Saturday, June 6, 2009

Slumdogs in the Post-racial World

First off, I will admit that I think too much. Now that we have that out of the way...

Last night I went to see Slumdog Millionaire (I recognize I may have been one of the last people to see the movie, which won eight Academy Awards and has already been out on DVD for a good long while). I thought it was a really good movie and really thought-provoking. What I was especially struck by was how the movie was set up as a "feel good" love story. One would think this would be hard to pull off, given such plot elements as religious violence, police violence (including a torture scene--there's your "enhanced interrogation techniques," people), and exploitation of children. And yet by its end, this movie has the star-crossed young lovers finally reunited and performing a Bollywood dance number with hundreds of people in the train station. *blink* So, we are to understand that this movie had a triumphant ending.

Towards the end of the movie, there's a scene after Jamal has been released from police custody. He has convinced them that somehow it is possible that a "mere slumdog" could have really answered the first day's quiz show questions and has been released to return for his second day on the show, after seemingly being tortured and kept awake all night. As he returns to the show, there is a groundswell of support for him, as people yell they love him and one woman says something like "go with my blessings, child." This is one of the few overt acknowledgements in the film that Jamal is not alone, that he belongs to a social context, that his struggles are not the lone cowboy kind of struggles which are unique to him, but struggles of the people who live where he lives, who are from where he is from.
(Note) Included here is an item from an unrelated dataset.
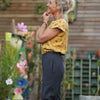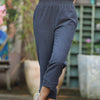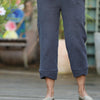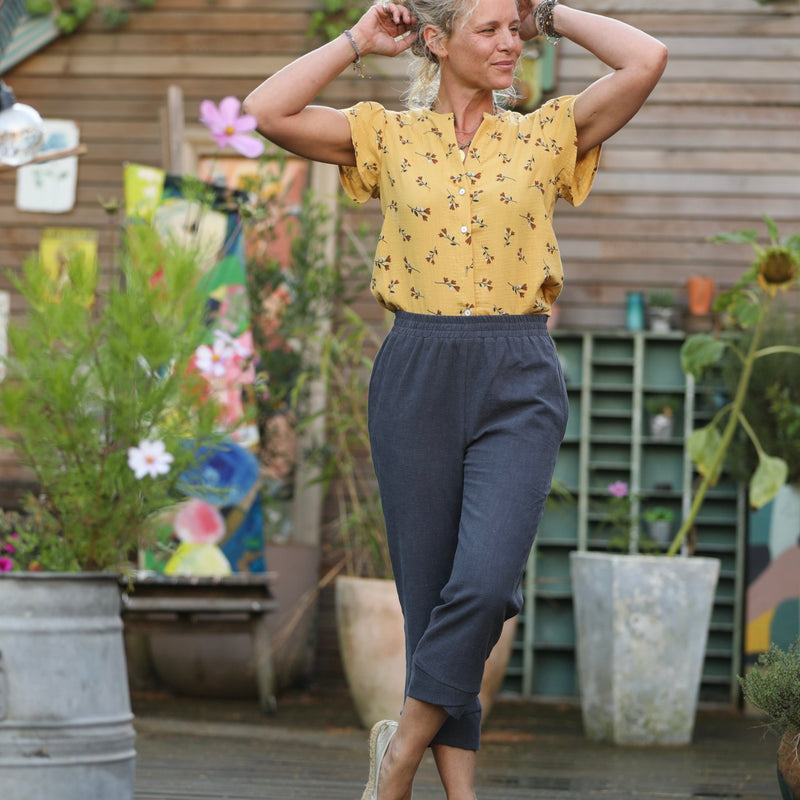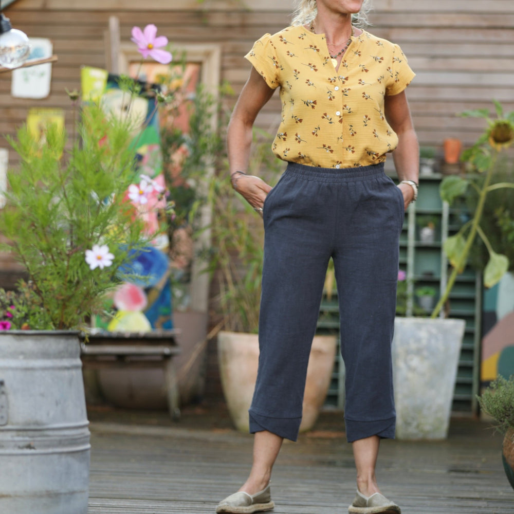 Baptiste est un pantalon élégant coupé en 7/8 avec des finitions en tulipe au bas et doté d'une ceinture élastique et des poches pratiques sur les côtés.
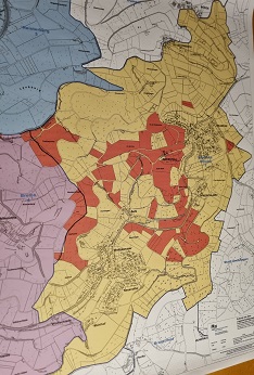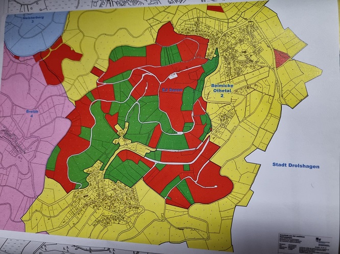 Revier Belmicke Othetal 460 ha davon rot 75 ha Zwergstalbauer grün 60 Ha zupachten sonst nicht bejagbar Restflächen gelb in unseren Augen nicht sinnvoll bejagbar Bild OBK |

What this made me think of is this (false, I'd say) idea that the triumph of one (or a few) means that the group has transcended traditional barriers so everything is all good now. A reversal of that famous phrase whereby the political is made personal and can be overcome on an individual basis. Hmm. So I started considering what "post-racial" means and how some people can believe it is reality signaled by the election of the first African American president. This is hard for me to accept as a fact, given the vast discrepancies that still exist between Americans of different ethnicities in terms of education, wealth, income, life expectancies, unemployment, child mortality rates, etc. Hmmm.